Activity: Line by line, print the records exactly as they are, dropping the pictures.
++++++++++++++++++++
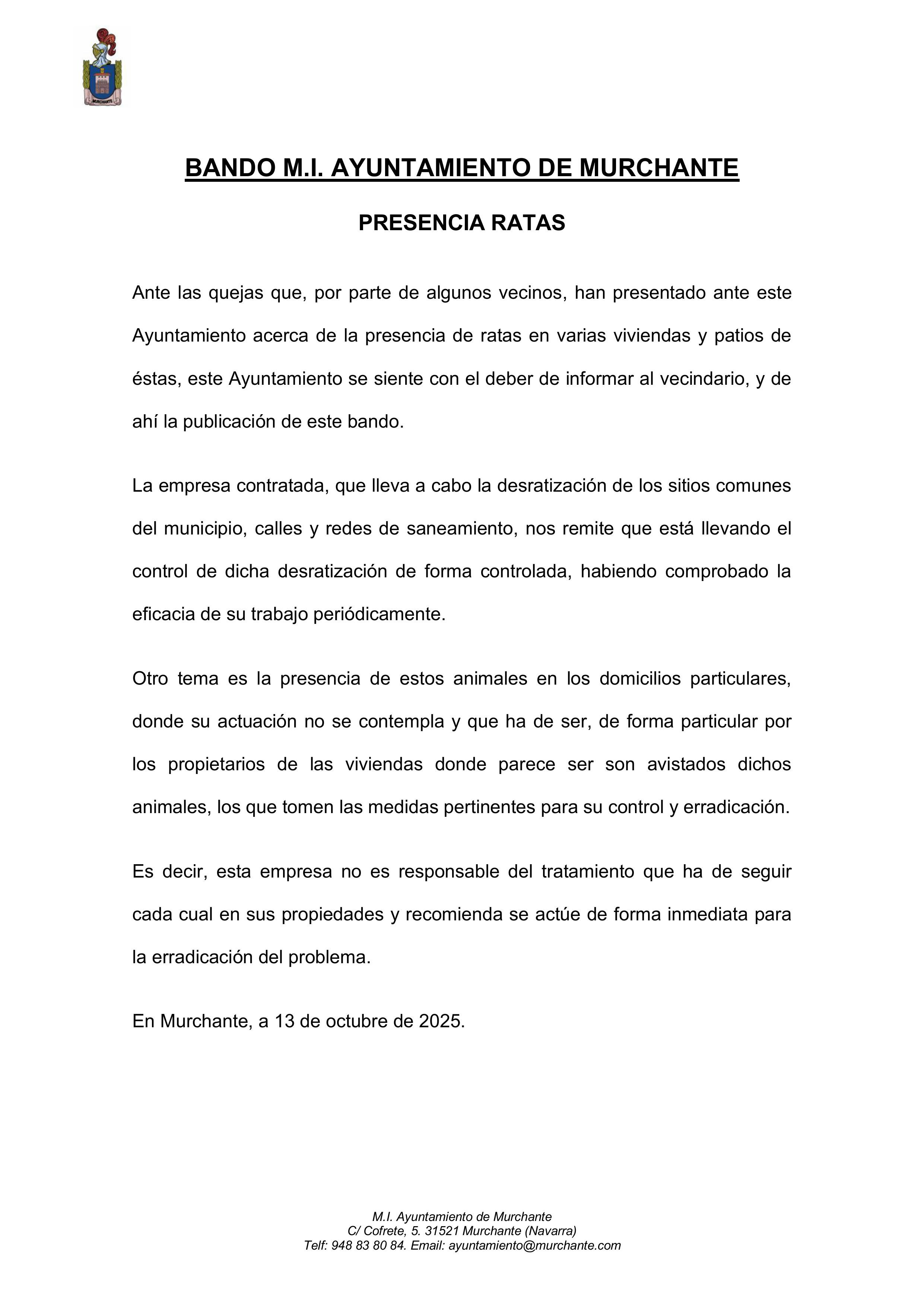Ante las quejas que, por parte de algunos vecinos, han presentado ante este Ayuntamiento acerca de la presencia de ratas en varias viviendas y patios...
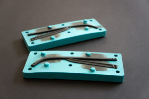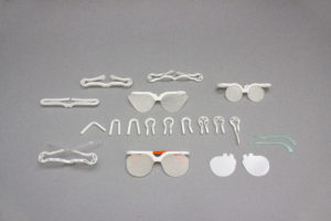 Das Brillenglas wird auf dem FG3-Laser hergestellt. Die Bügel/Nasenauflage durch unseren DIY Spritzguss. Dafür muss eine 2-Teilige Gussform 3D gedruckt werden. Der 3D Druck wird nicht gestellt.
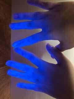 ◇きれいになったはずの手を特殊なライトで照らすと・・・
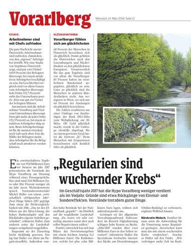 Im Geschäftsjahr 2017 hat die Hypo Vorarlberg weniger verdient als im Vorjahr. Gründe sind etwa Rückgänge von Einmal- und Sondereffekten. Vorstände trotzdem guter Dinge.
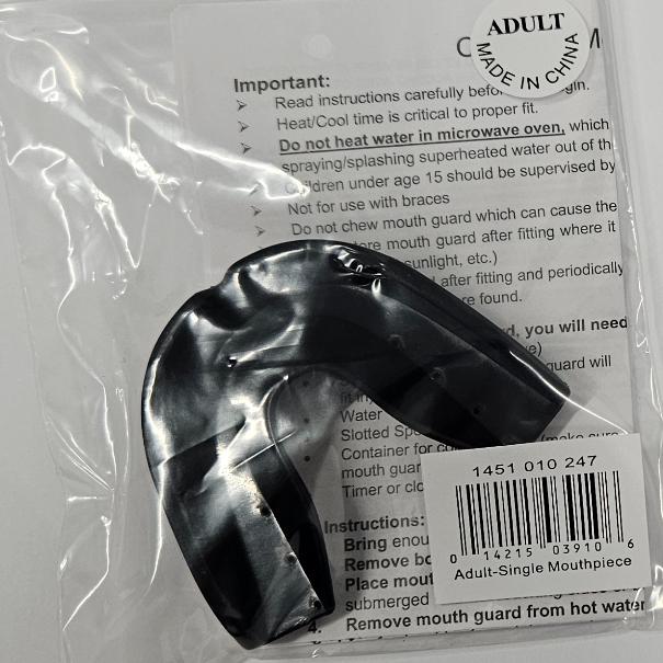 A great starter mouthpiece, this one-piece mouth guard form fits in seconds by boiling and biting. Great for a variety of sports, and available in youth and adult sizes.
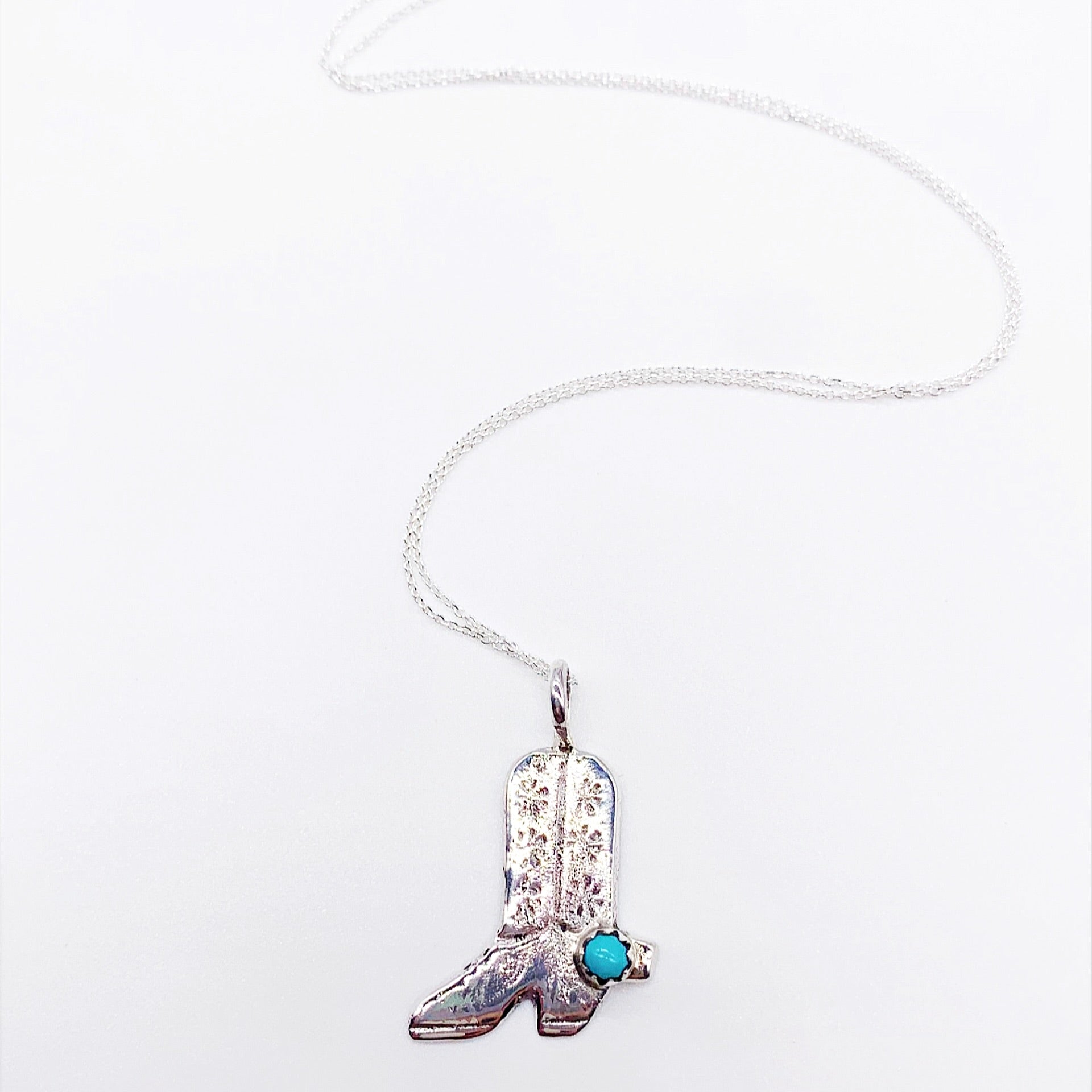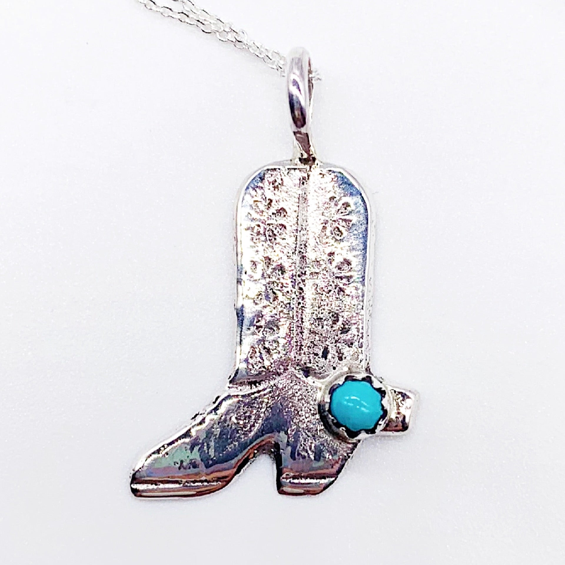 This Navajo handmade sterling silver (.925) necklace features a turquoise cowboy boot pendant with intricate detailing. The pendant is set on an 18-inch sterling silver chain, creating a meaningful piece that reflects Southwestern artistry and tradition.
++++++++++++++++++++
Your solution:
Ante las quejas que, por parte de algunos vecinos, han presentado ante este Ayuntamiento acerca de la presencia de ratas en varias viviendas y patios...
 Das Brillenglas wird auf dem FG3-Laser hergestellt. Die Bügel/Nasenauflage durch unseren DIY Spritzguss. Dafür muss eine 2-Teilige Gussform 3D gedruckt werden. Der 3D Druck wird nicht gestellt.
 ◇きれいになったはずの手を特殊なライトで照らすと・・・
 Im Geschäftsjahr 2017 hat die Hypo Vorarlberg weniger verdient als im Vorjahr. Gründe sind etwa Rückgänge von Einmal- und Sondereffekten. Vorstände trotzdem guter Dinge.
 A great starter mouthpiece, this one-piece mouth guard form fits in seconds by boiling and biting. Great for a variety of sports, and available in youth and adult sizes.
 This Navajo handmade sterling silver (.925) necklace features a turquoise cowboy boot pendant with intricate detailing. The pendant is set on an 18-inch sterling silver chain, creating a meaningful piece that reflects Southwestern artistry and tradition.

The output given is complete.